Je peux, sur un certain nombre de points, vous apaiser ou en tout cas vous donner tous les éléments, en fonction du dossier qui a été présenté à la Ville de Paris, qui n'est pas directement concernée, comme vous le savez, puisque cette installation est située hors des limites de la Capitale. Il n'en reste pas moins, comme vous l'indiquez, que cela peut concerner un certain nombre de nos riverains.
Sur le problème de la circulation, il y avait dans le projet qui nous avait été soumis, à l'évidence, un certain nombre d'interrogations. J'avais immédiatement interrogé les différents services responsables, notamment ceux de la DAUC, pour avoir des précisions pratiques.
Les grands axes qui sont utilisés pour desservir ce site seront exclusivement des circulations qui se feront sur d'autres voies que celles de Paris intra muros. Il s'agira de l'autoroute A 4, à 250 mètres à l'est, en rive droite de la Seine. Il y aura le boulevard périphérique, il y aura les routes nationales que ce soit la RN 19, quai Marcel Boyer, la RN 6, la RD 51, la RD 50, la RD124, la RD 55. Donc, aucune de ces rues ne dessert l'intérieur de notre arrondissement.

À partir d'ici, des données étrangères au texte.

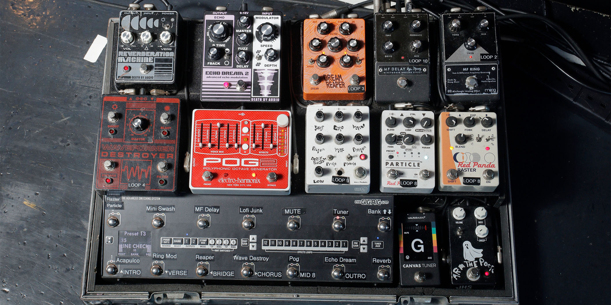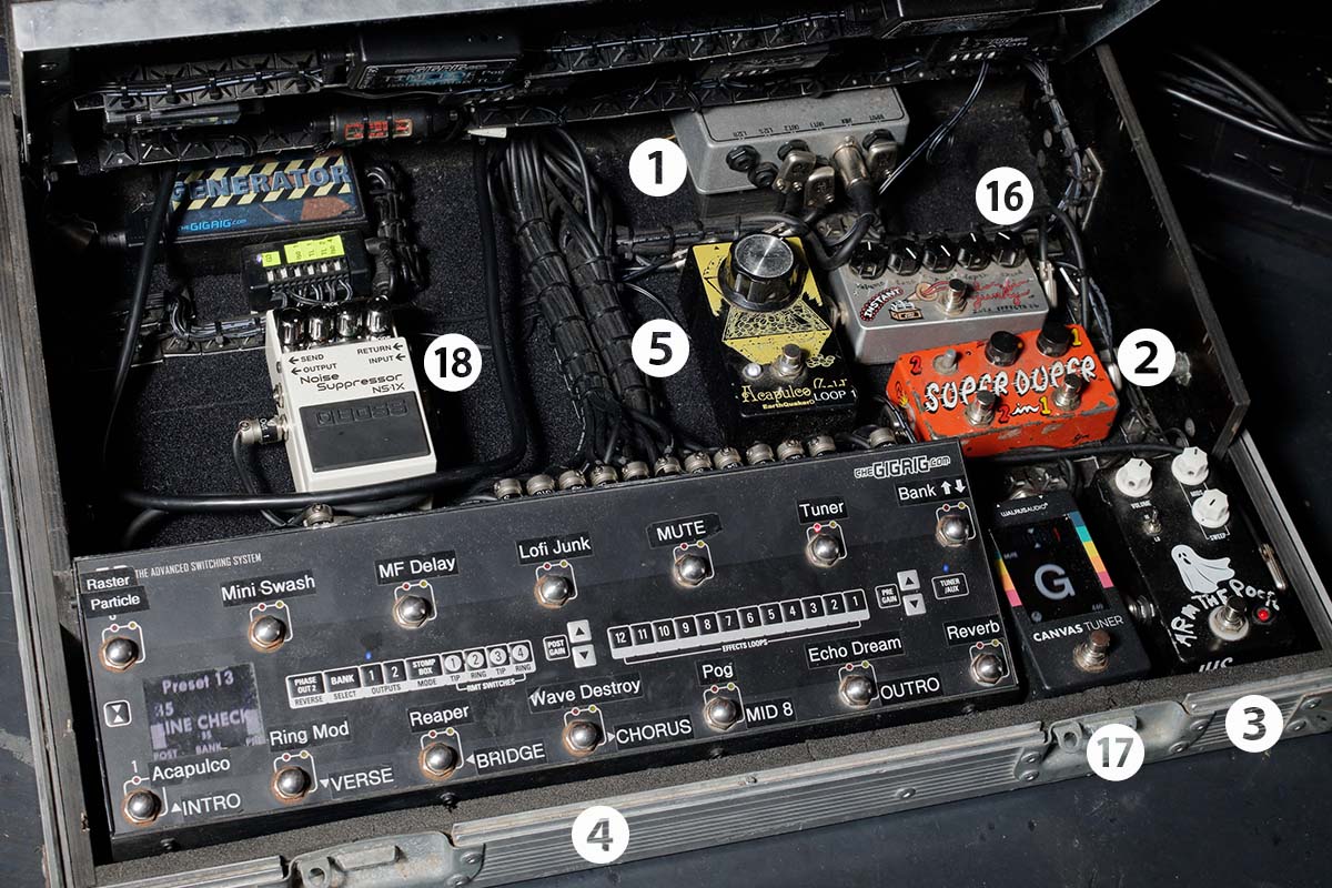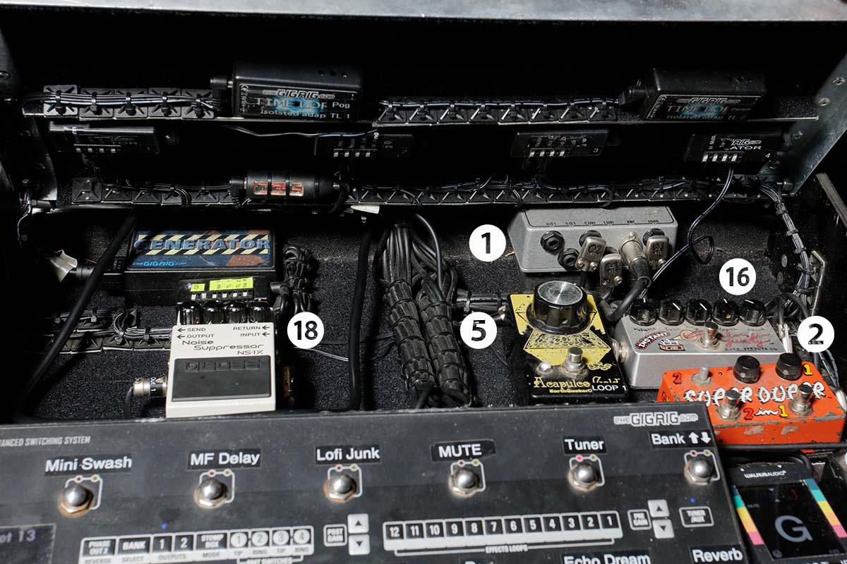 ⑬Particle 2は「Progress」のレコーディングで使用。マークは“刺激的でクリエイティブなペダルだ”とコメント。⑭Mini Swash Fullはおもに『Ultra Mono』(2020年)の楽曲で使用するが、あまりにもカオスなサウンドのため、過去にアンプを何台も飛ばしてしまったことがあるという。『Ultra Mono』の楽曲はあまりライブで演奏しないため、現在は実験用、もしくは楽曲の最後に踏むこともあるそうだ。
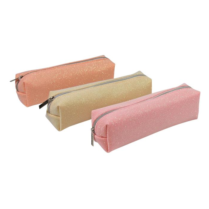 Puzdro na perá so zipsom v glittrovom prevedení. Mix farieb. Rozmery: 20 x 5,5 x 5 cm.
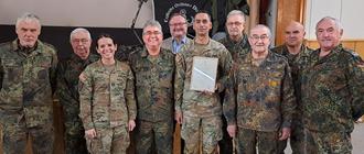 Standesgemäß verabschiedete die Reservistenkameradschaft Freihung den scheidenden Kompaniefeldwebel First Sergeant Justin L. Kassam von der Partnerschaftseinheit, 702. EOD. Im Bild von links: Feldwebel d.R. Johann Rötzer, Stabsunteroffizier d.R. Johann Schmidschneider, Captain Amelia Appell, Oberstleutnant d.R. Norbert Bücherl, Bürgermeister Uwe König, First Sergeant Kassam, Stabsunteroffizier d.R. Klaus Paa, Stabsfeldwebel d.R. Gerhard Lindthaler, Hauptgefreiter d.R. Werner Wiesneth, Oberstleutnant d.R. Werner Gebhard
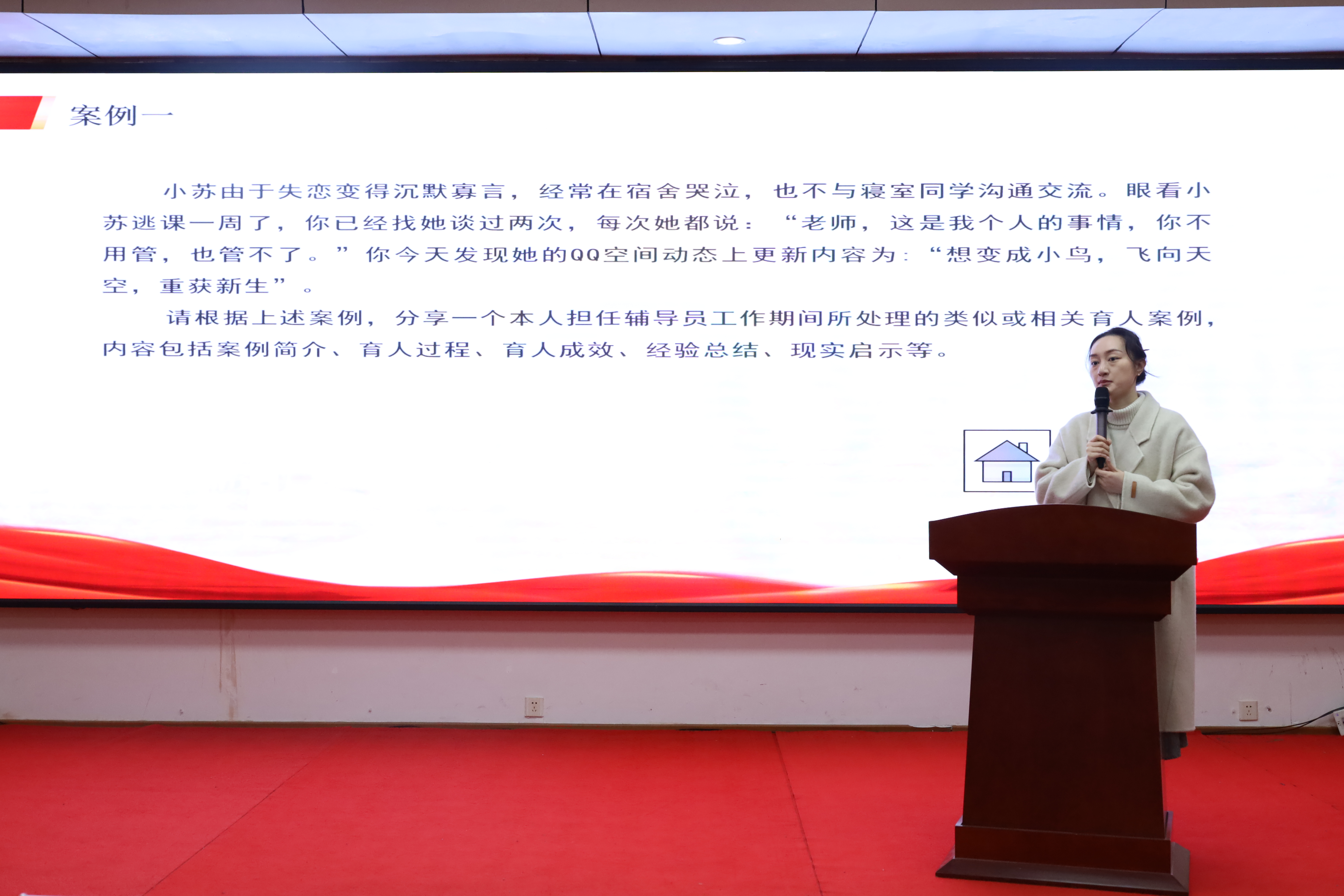 本次辅导员素质能力大赛分为初赛和复赛两个阶段。初赛赛项为基础知识测试和育人案例分享两个环节,全体专职辅导员参加初赛,根据初赛成绩选拔出17名辅导员角逐复赛奖项。
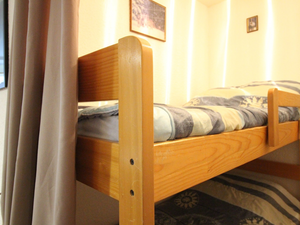 un espace chambre avec un lit en 140 et un coin nuit avec un lit superposé (2x90).
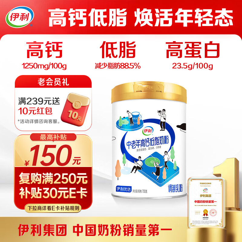 伊利中老年高钙低脂富硒0蔗糖奶粉 送礼送长辈 中老年奶粉 营养 700g
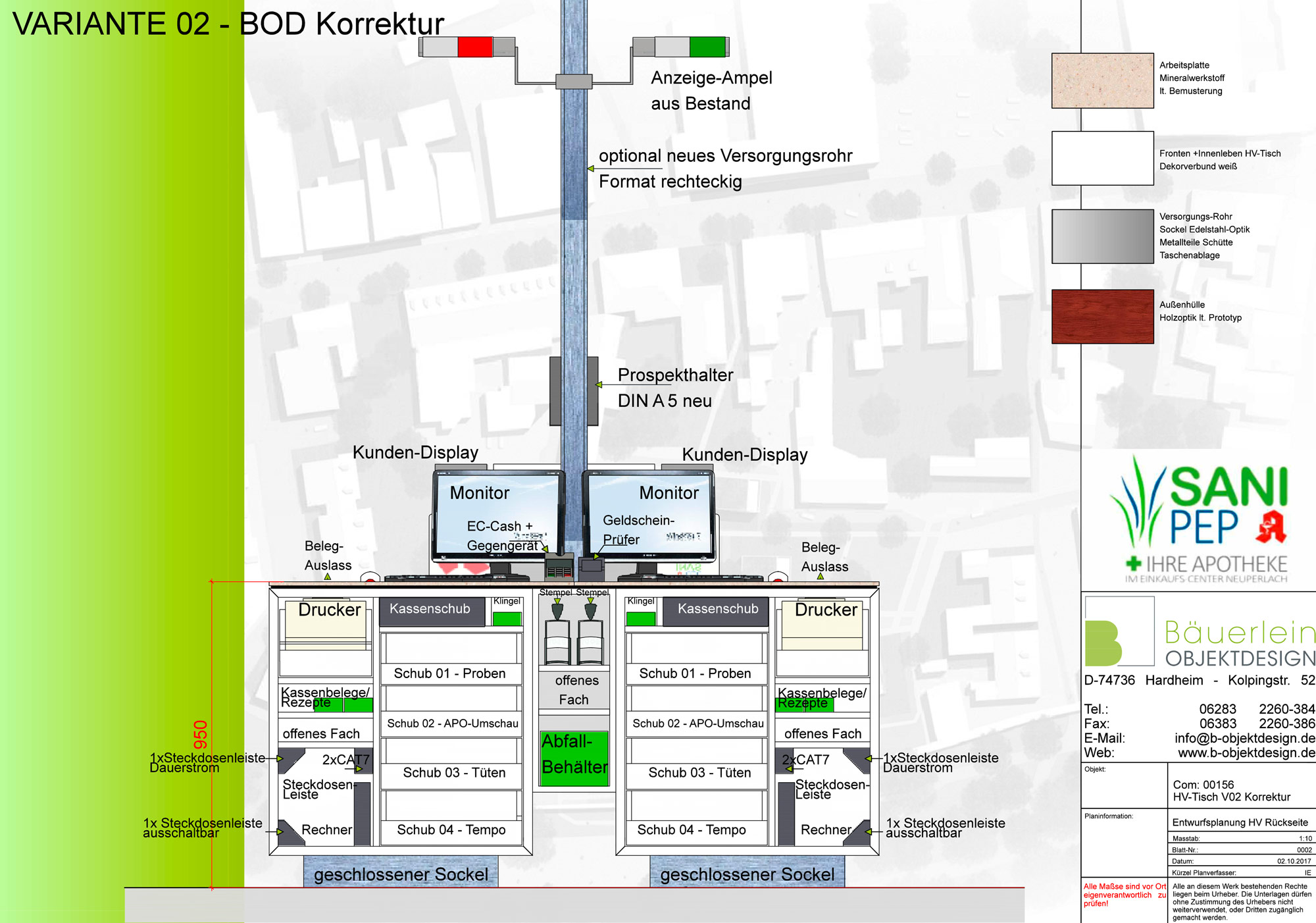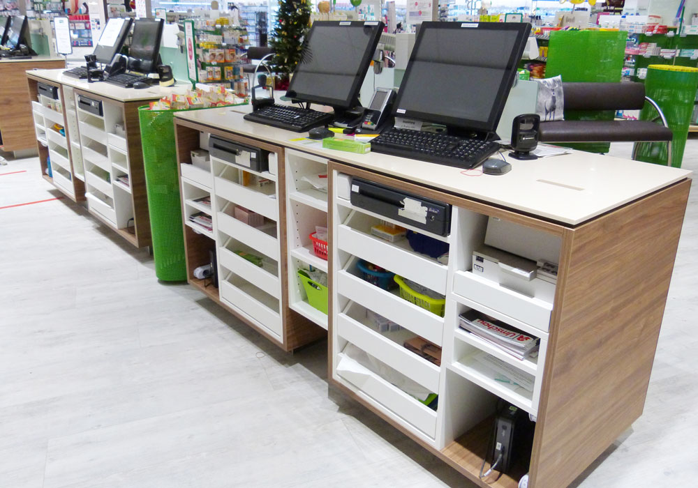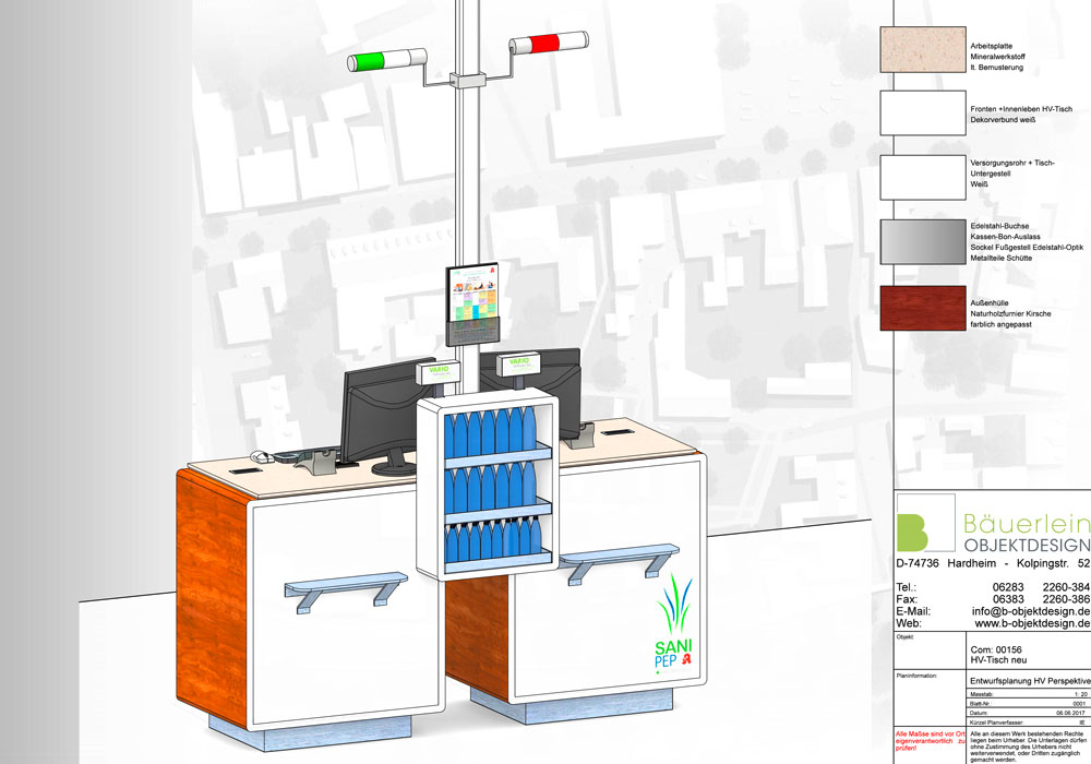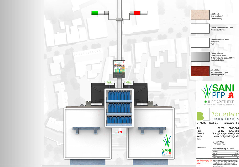 Im Fokus stand ein präzise umgesetztes Upcycling-Konzept: Die bestehenden HV-Tische wurden nicht ersetzt, sondern durch gezielte Maßnahmen technisch optimiert und gestalterisch neu interpretiert. Bäuerlein Objektdesign im Apothekenbau passte Oberflächen, Details und Funktionen so an, dass die Möbel heutigen Anforderungen im Apothekenalltag entsprechen. Dabei wurden Aspekte wie Ergonomie, Arbeitsabläufe und Integration moderner Kassensysteme konsequent berücksichtigt.

Il n'en reste pas moins, mon cher collègue, que nous avons bien entendu soumis ce projet à un examen critique, comme vous pouvez le voir. Vous savez avec quelle acuité je surveille l'ensemble de ces questions.
Bien entendu, s'il advenait qu'il y ait des dérives et que les voies du 13e arrondissement seraient utilisées, je me permettrais d'attirer l'attention du Maire et celle du Préfet pour que cette installation cesse immédiatement ses travaux.
(M le Maire de Paris reprend place au fauteuil de la présidence).
Pour le reste, vous posiez la question du paragraphe concernant le volume du déchargement qui sera le même que celui de l'enlèvement.
En réalité, c'est simplement pour nous dire qu'il n'y aura aucun matériau qui restera sur place. L'ensemble des matériaux qui seront déposés seront, dans leur totalité, enlevés. Il n'y aura pas un autre service pour les bouts de ferraille etc... Ce que lâche une benne sera immédiatement mis dans un bateau et le tout partira. Il ne s'agira pas, pour nous, d'accepter qu'il y ait un tas qui reste là, sous prétexte d'autre tri.
Il y a également un point, mon cher collègue, sur lequel j'ai beaucoup insisté.
Il y aura du plâtre, et du plâtre en poussière est extrêmement volatil. J'ai bien noté que dans l'exposé des motifs, on nous signalait qu'il serait arrosé.
Vous savez ce que sont les promesses. Je ne dirai pas qu'elles rendent les fous joyeux mais presque. J'ai donc demandé expressément, et je le refais de façon tout à fait officielle, aux deux services concernés que sont la DAUC et la Direction de l'environnement, de bien surveiller que l'ensemble de ces produits très volatils soient arrosés de façon régulière, comme il a été exposé, y compris le week-end parce que, les vents rabattant, il est fort à parier que, là, le 13e aurait à pâtir d'une saleté. Vous savez mieux que les autres, parce que vous êtes attentif aux travaux et aux réussites de la Direction de la propreté, que c'est pour nous une priorité.
Je vous remercie, Monsieur le Maire.
M. LE MAIRE DE PARIS. - Je mets aux voix, à main levée, le projet de délibération DAUC 206.
Qui est pour ?
Contre ?
Abstentions ?
Le projet de délibération est adopté. (1999, DAUC 206).